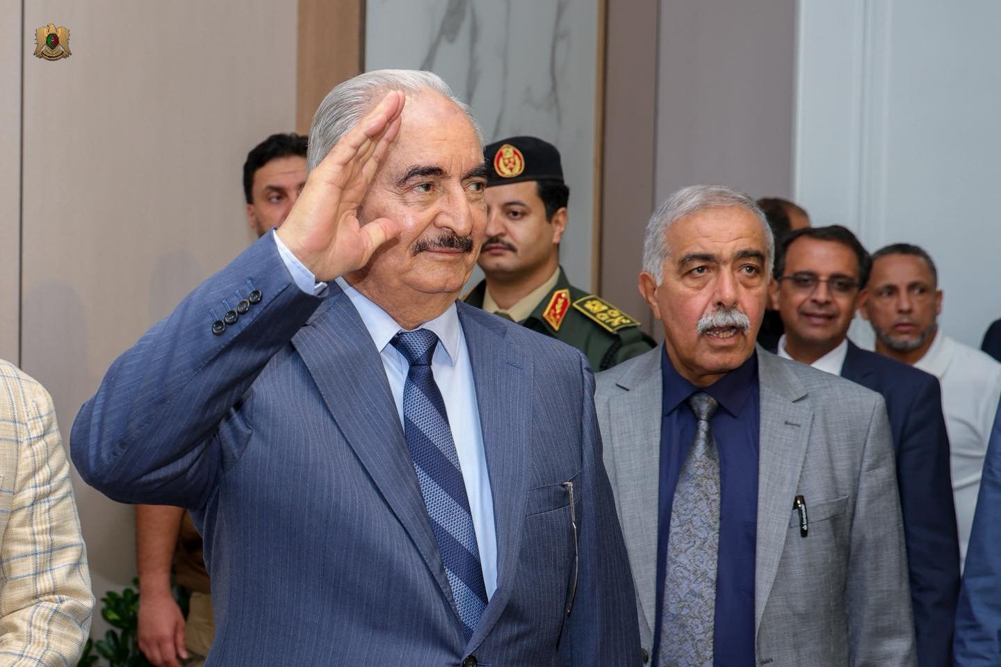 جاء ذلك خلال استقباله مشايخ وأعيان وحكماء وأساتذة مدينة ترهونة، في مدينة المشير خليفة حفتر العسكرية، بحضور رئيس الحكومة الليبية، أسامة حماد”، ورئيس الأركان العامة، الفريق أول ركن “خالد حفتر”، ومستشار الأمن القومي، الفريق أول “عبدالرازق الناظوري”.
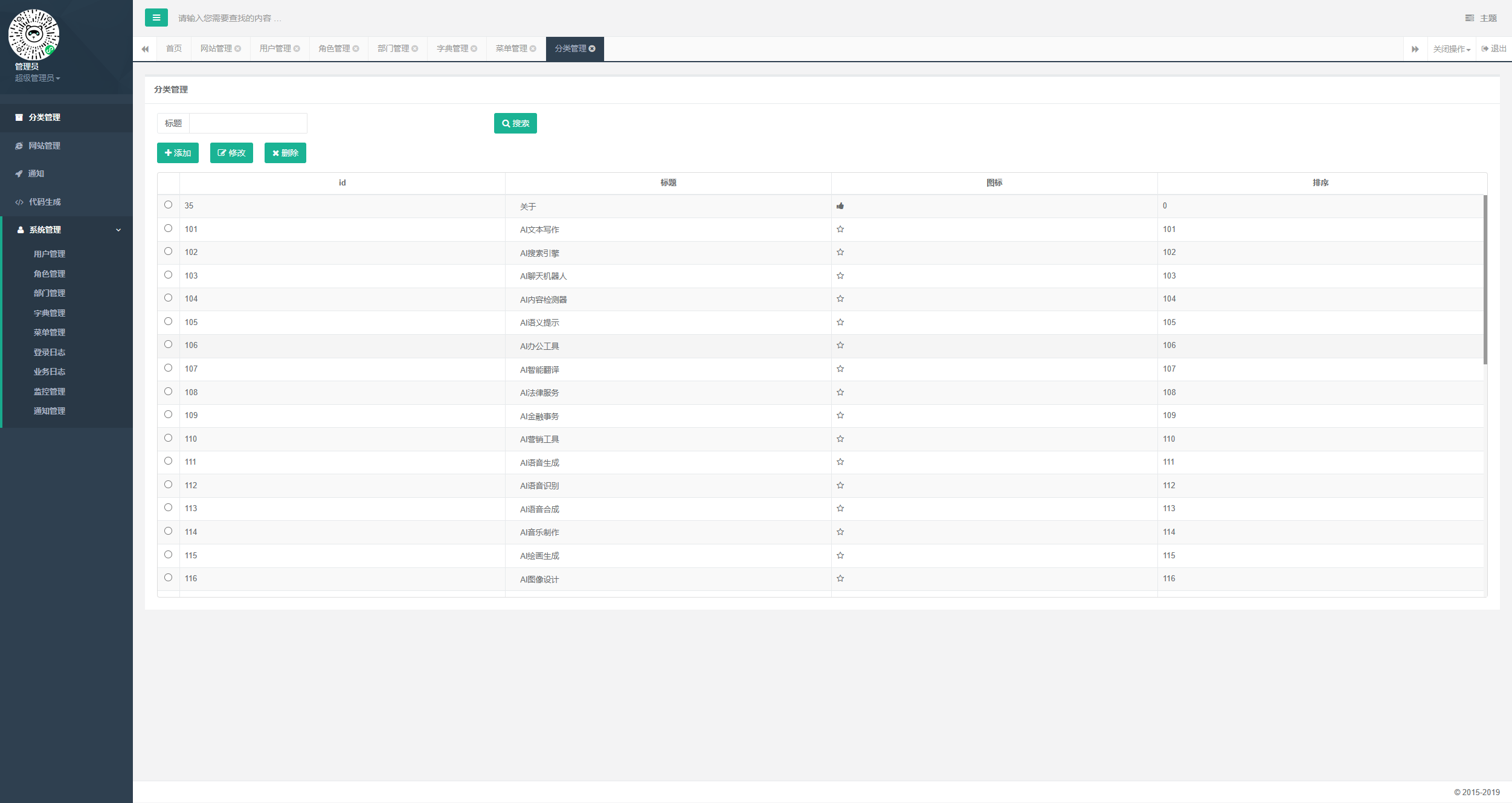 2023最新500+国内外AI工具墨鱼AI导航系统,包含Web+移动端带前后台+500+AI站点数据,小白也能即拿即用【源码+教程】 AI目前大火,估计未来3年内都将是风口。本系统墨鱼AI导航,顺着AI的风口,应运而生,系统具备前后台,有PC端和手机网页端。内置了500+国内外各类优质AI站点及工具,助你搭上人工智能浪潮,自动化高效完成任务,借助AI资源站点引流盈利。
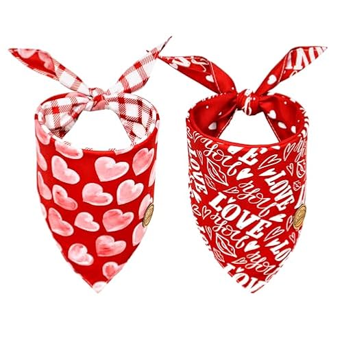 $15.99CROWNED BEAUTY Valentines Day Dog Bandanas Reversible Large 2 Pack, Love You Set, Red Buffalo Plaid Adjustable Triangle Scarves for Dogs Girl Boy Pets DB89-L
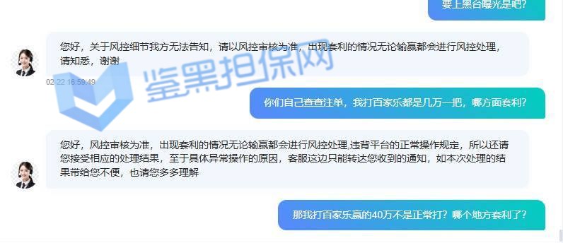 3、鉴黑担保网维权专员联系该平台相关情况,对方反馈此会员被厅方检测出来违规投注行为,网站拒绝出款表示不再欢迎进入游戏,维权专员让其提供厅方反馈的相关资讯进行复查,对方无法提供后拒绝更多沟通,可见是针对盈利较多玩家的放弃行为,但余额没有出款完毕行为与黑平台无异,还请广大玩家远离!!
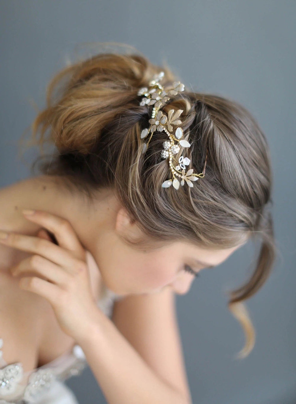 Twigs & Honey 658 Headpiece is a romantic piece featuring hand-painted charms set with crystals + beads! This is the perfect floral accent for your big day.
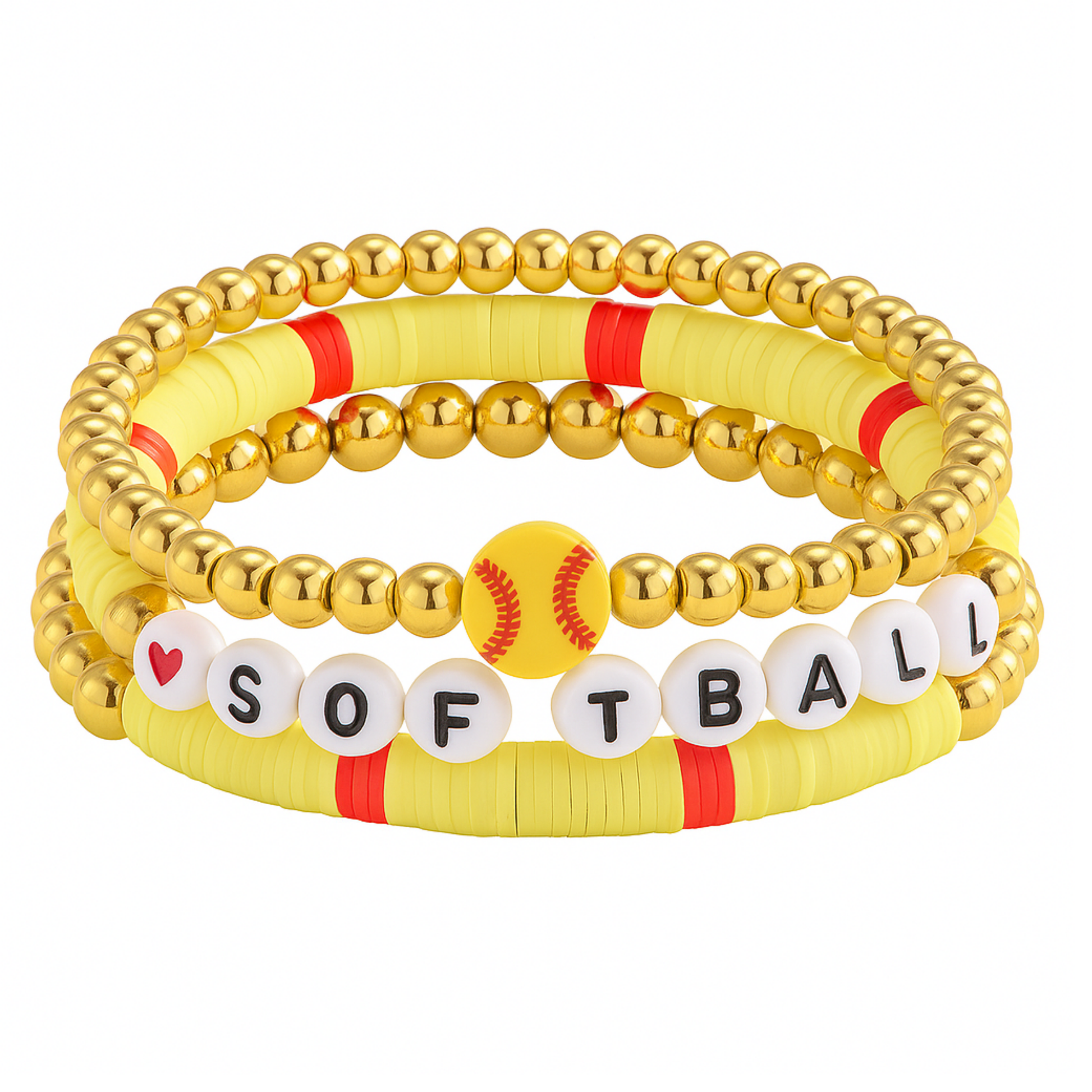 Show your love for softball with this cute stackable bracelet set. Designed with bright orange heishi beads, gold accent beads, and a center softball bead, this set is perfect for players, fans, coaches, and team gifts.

▬▬▬▬▬▬

• _Required action_
Everything above from the line with "2023最新500+国内外A" through the line with "Boy Pets DB89-L" should be retyped exactly, and nothing else; omit pictures.

• _Solution_
 2023最新500+国内外AI工具墨鱼AI导航系统,包含Web+移动端带前后台+500+AI站点数据,小白也能即拿即用【源码+教程】 AI目前大火,估计未来3年内都将是风口。本系统墨鱼AI导航,顺着AI的风口,应运而生,系统具备前后台,有PC端和手机网页端。内置了500+国内外各类优质AI站点及工具,助你搭上人工智能浪潮,自动化高效完成任务,借助AI资源站点引流盈利。
 $15.99CROWNED BEAUTY Valentines Day Dog Bandanas Reversible Large 2 Pack, Love You Set, Red Buffalo Plaid Adjustable Triangle Scarves for Dogs Girl Boy Pets DB89-L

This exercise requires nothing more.